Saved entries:
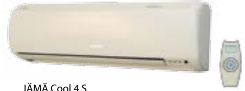
JÄMÄ Cool 4 S

Jämä Cool 4S on seinäkiinnitteinen viilennyskonvektori, jonka maksimiviilennysteho on 4 kW. Jämä Cool 5K on kattokiinnitteinen viilennyskonvektori, jonka maksimiviilennysteho on 5 kW. Viilennyskonvektorit eivät tarvitse talon ulkopuolelle sijoitettava ulkoyksikköä, vaan kaikki kytkennät tehdään suoraan maalämpöpumppuun.
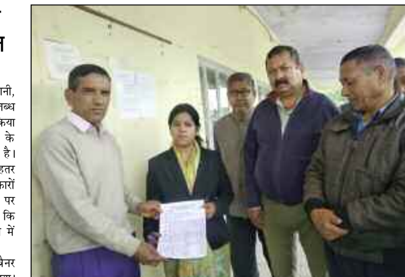
समस्या को लेकर प्रशासन को ज्ञापन देते काश्तकार

जयन्त प्रतिनिधि। कोटद्वार : लालपानी, सेनेह क्षेत्र में सिंचाई के लिए पानी उपलब्ध नहीं होने पर काश्तकारों ने रोष व्यक्त किया है। कहा कि शासन-प्रशासन काश्तकारों के हितों को लेकर लापरवाह बना हुआ है। शिकायत के बाद भी व्यवस्थाओं को बेहतर बनाने पर ध्यान नहीं दिया जा रहा। काश्तकारों ने जल्द समस्या का निराकरण नहीं होने पर आंदोलन की चेतावनी दी है। कहा कि काश्तकारों की अनदेखी किसी भी हाल में बर्दाश्त नहीं की जाएगी।
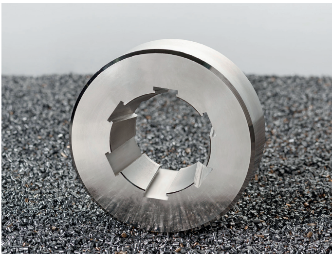
Profil mit T-Nuten. Sonderbauteil für Hydraulikschläuche.
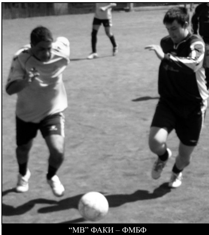
«МВ» ФАКИ – ФМБФ

Очередная победа с разрывом больше пятнадцати очков и сладостное ощущение, что твоя заслуга в этом.
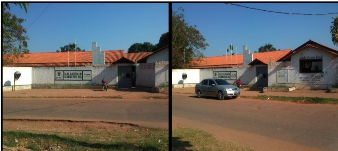
Figura 6 - Frente da escola Raimundo Pereira.
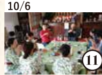
10/6 鶴川小町 角打ちミニ巡礼
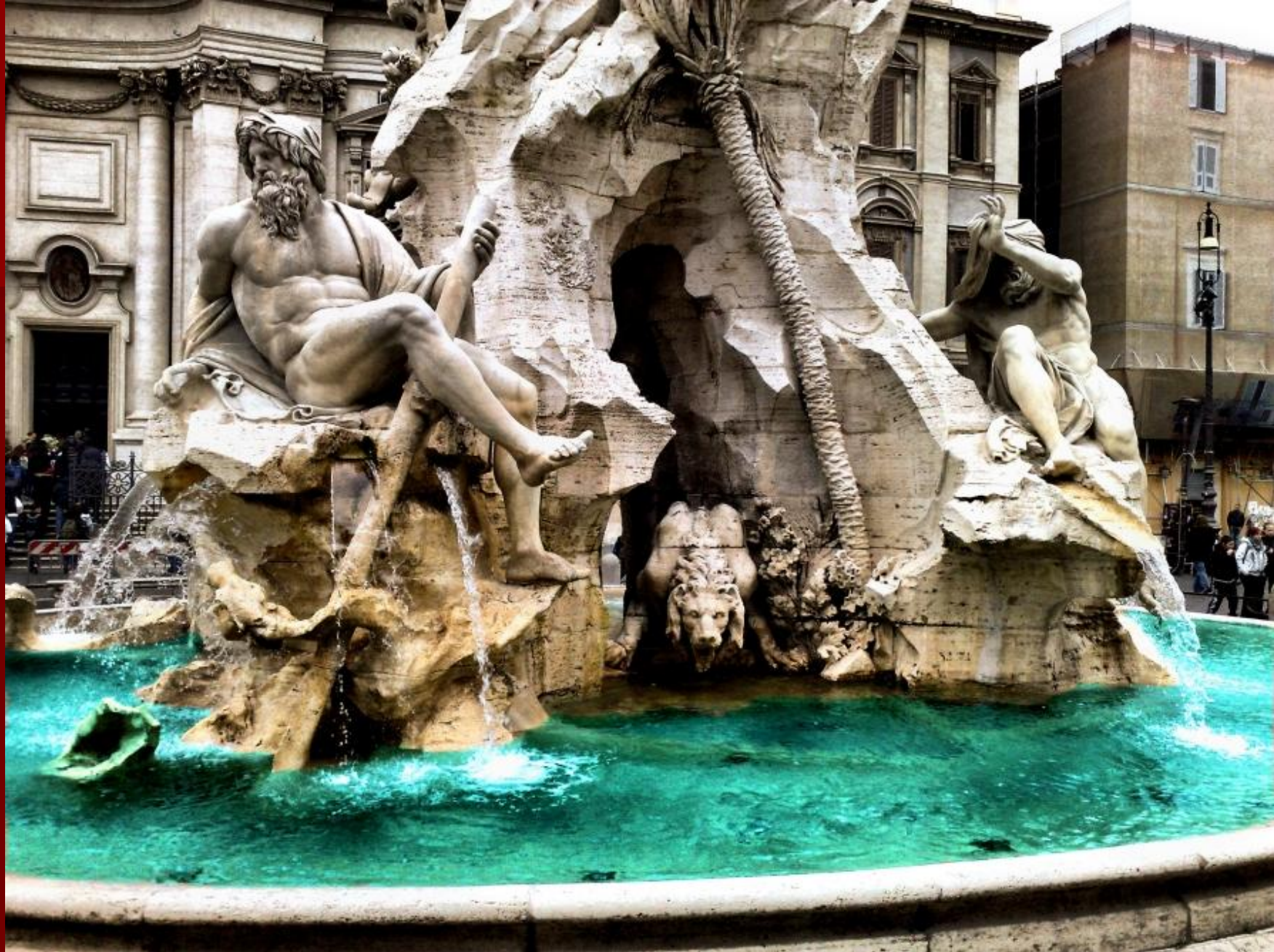
Фонтан Четырёх рек (1648—1651)
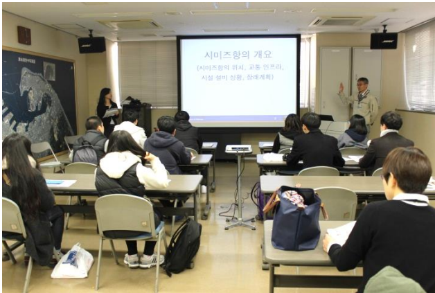
《事務所会議室にて清水港の概要説明の様子》
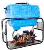
Chasis Acero inox
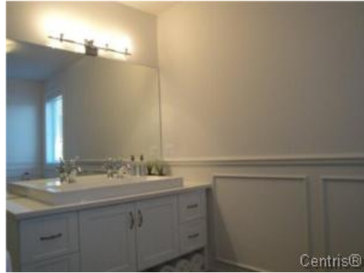
Salle de bains

What you are asked to do:
Each line in the data that holds the string "Cool" should be found and copied.

Response box:
JÄMÄ Cool 4 S
Jämä Cool 4S on seinäkiinnitteinen viilennyskonvektori, jonka maksimiviilennysteho on 4 kW. Jämä Cool 5K on kattokiinnitteinen viilennyskonvektori, jonka maksimiviilennysteho on 5 kW. Viilennyskonvektorit eivät tarvitse talon ulkopuolelle sijoitettava ulkoyksikköä, vaan kaikki kytkennät tehdään suoraan maalämpöpumppuun.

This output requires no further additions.